The Stairs of Reconciliation – Graz, Austria - Atlas Obscura

The Stairs of Reconciliation

Double spiral staircases are not unheard of, but they are very rare.  


An architectural and engineering marvel is silently standing within a public building in the old town of Graz. Completed in 1438 under the guidance of Holy Roman Emperor Frederick III, the Burg of Graz was expanded by Frederick’s son, Emperor Maximilian, from 1494-1500. When reopened, officials and civilians marveled at the Doppelwendeltreppe, or “Double Spiral Staircase” that traveled two floors to the top of the tower.

The staircase splits and rejoins several times as it circles upward to the top, and has often been interpreted as a symbol of eternity. Graz people call it the “stairs of reconciliation” for if you go separate ways, you will ultimately reunite.
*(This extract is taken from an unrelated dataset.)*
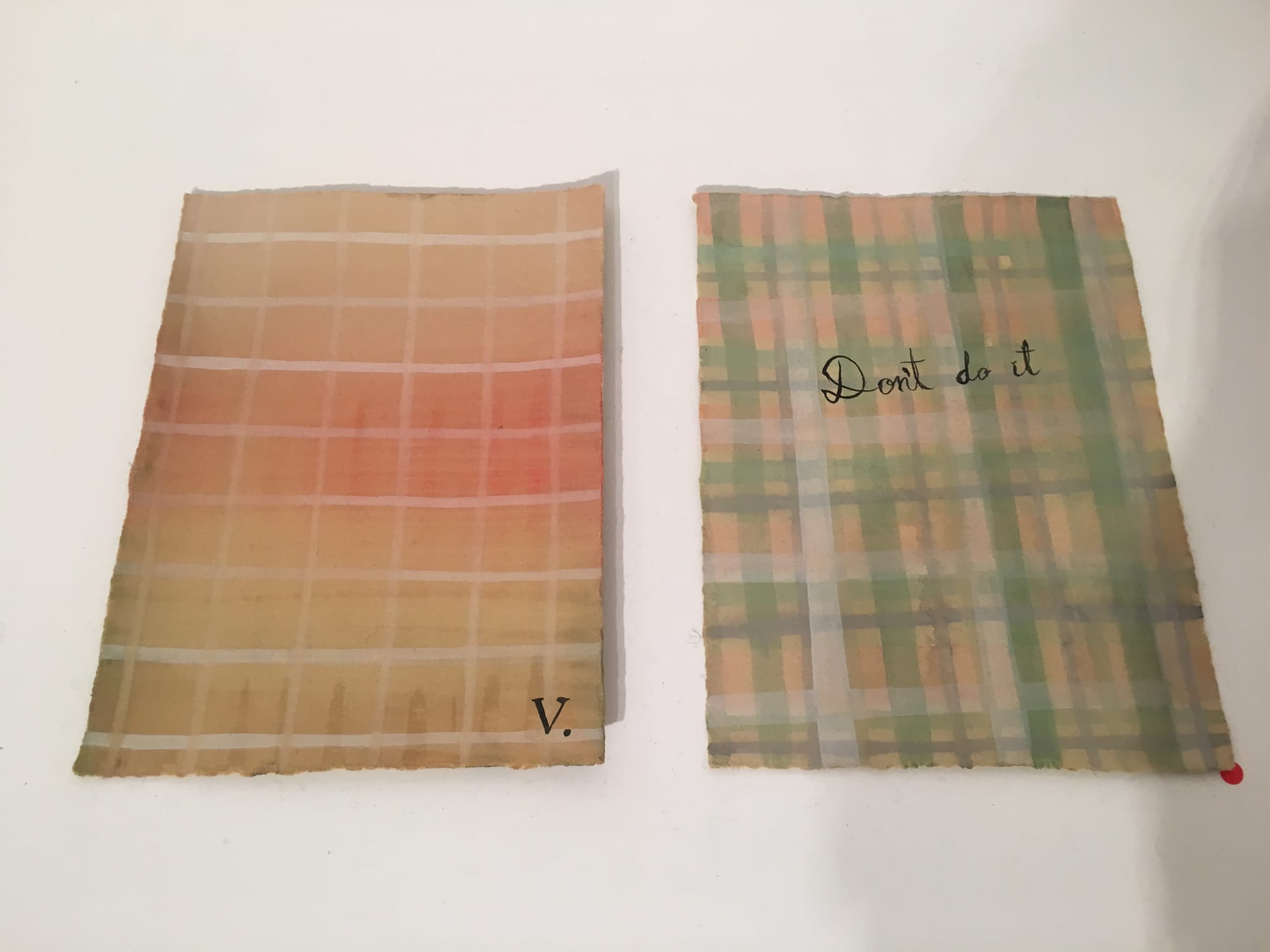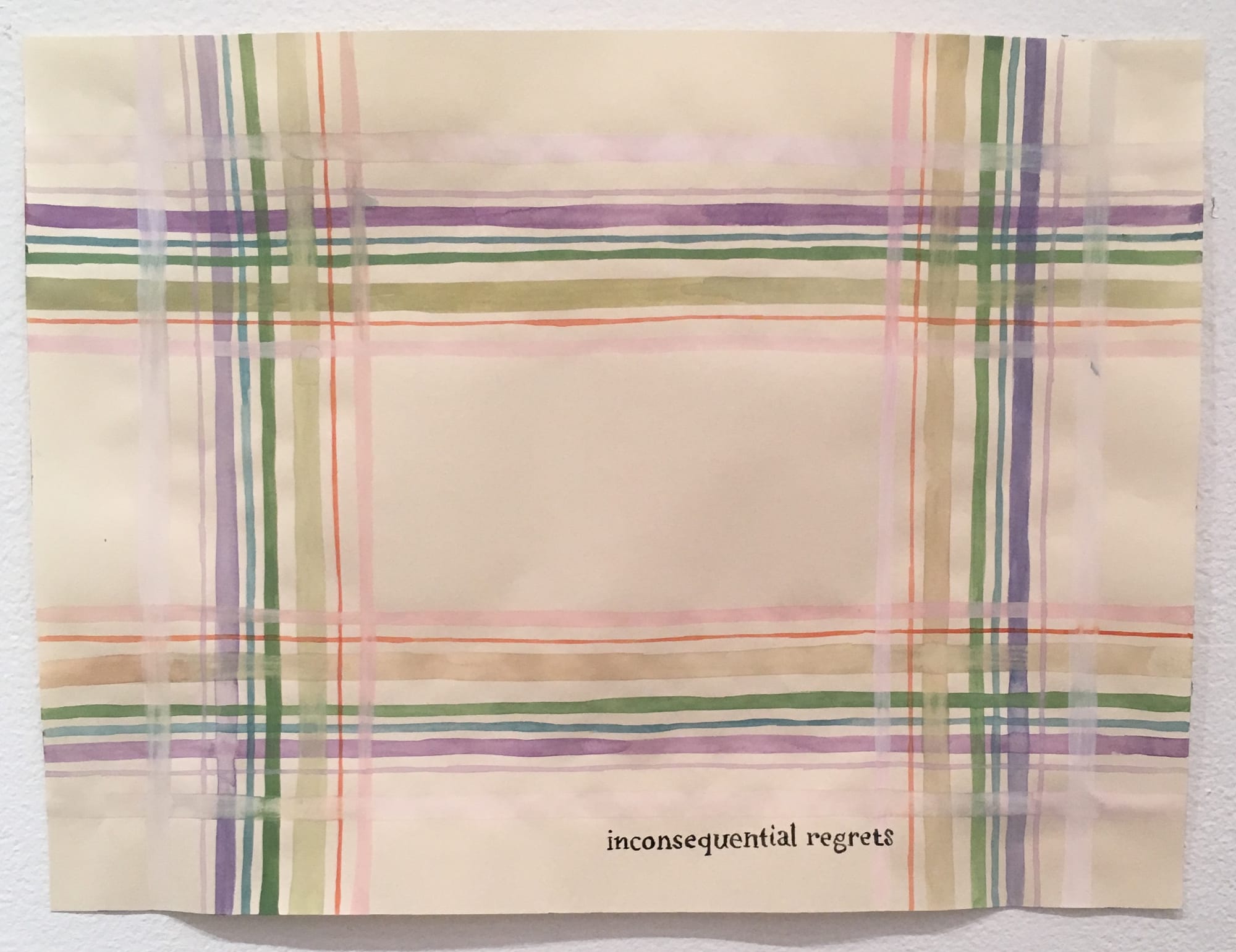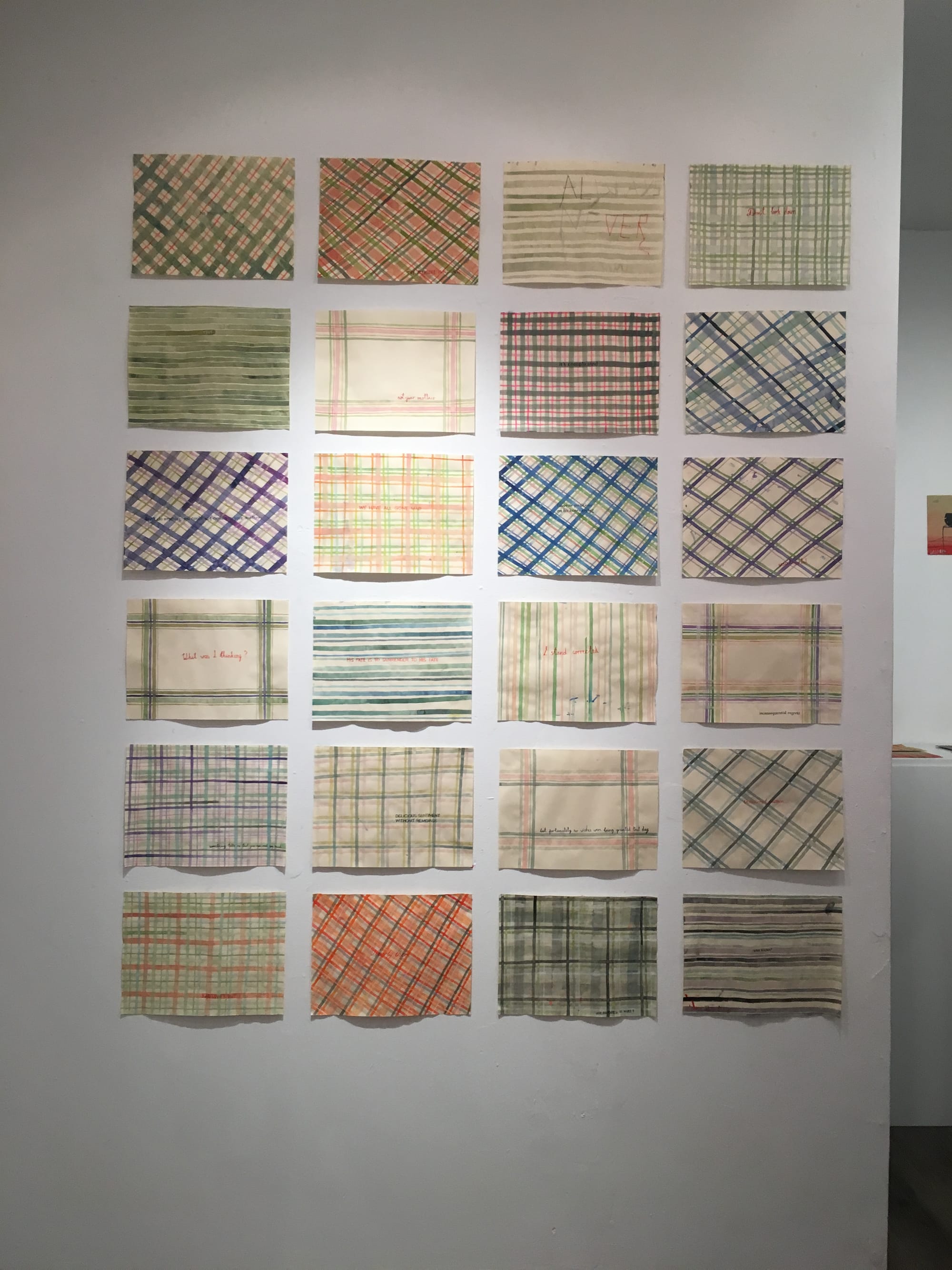 From a distance, Julia Kuhl’s watercolor “Domestic Textile Series,” in frosch&portmann’s small, one-room gallery, evokes the interiors of 1920s women’s sitting rooms. Kuhl’s works employ a visual language that is traditionally seen as feminine; she paints plaid and striped decorative patterns on small, rectangular pieces of paper. But a closer look at the paintings reveals something more nuanced. Each watercolor features clearly articulated lines of text in lowercase serif or elegant script. These lines are far from the sayings crocheted on a grandmother’s pillow. Sourced from songs, poems, or Kuhl’s dreams, they are sassy, tongue-in-cheek quips like, “I BEG YOUR PARDON” and “are these the good times?” The 24-plus paintings in her current show, I forgot what you wanted, build on the history of women’s craft arts, suggesting needle point patterns and sewing, while questioning women’s traditional and still-presumed societal roles.

Built by an unknown architect, the staircase has proven to stand the test of time, and feet, as the Burg is still used for official town purposes today. 

Double spiral staircases are not unheard of, though they are very rare. This one is remarkable for hollow spindles, which feature a remarkable amount of dexterity in engineering.

The sister staircase of this one was built 50 years prior in Elisabeth Cathedral in Košice, Slovakia, but lacks the grandeur and sophistication of its successor.

Know Before You Go

From the town hall, take a right down Sporgasse, and then another right down Hofgasse. It's on the left side of the road from the Cathedral. Currently it is only accessible Friday through Sunday.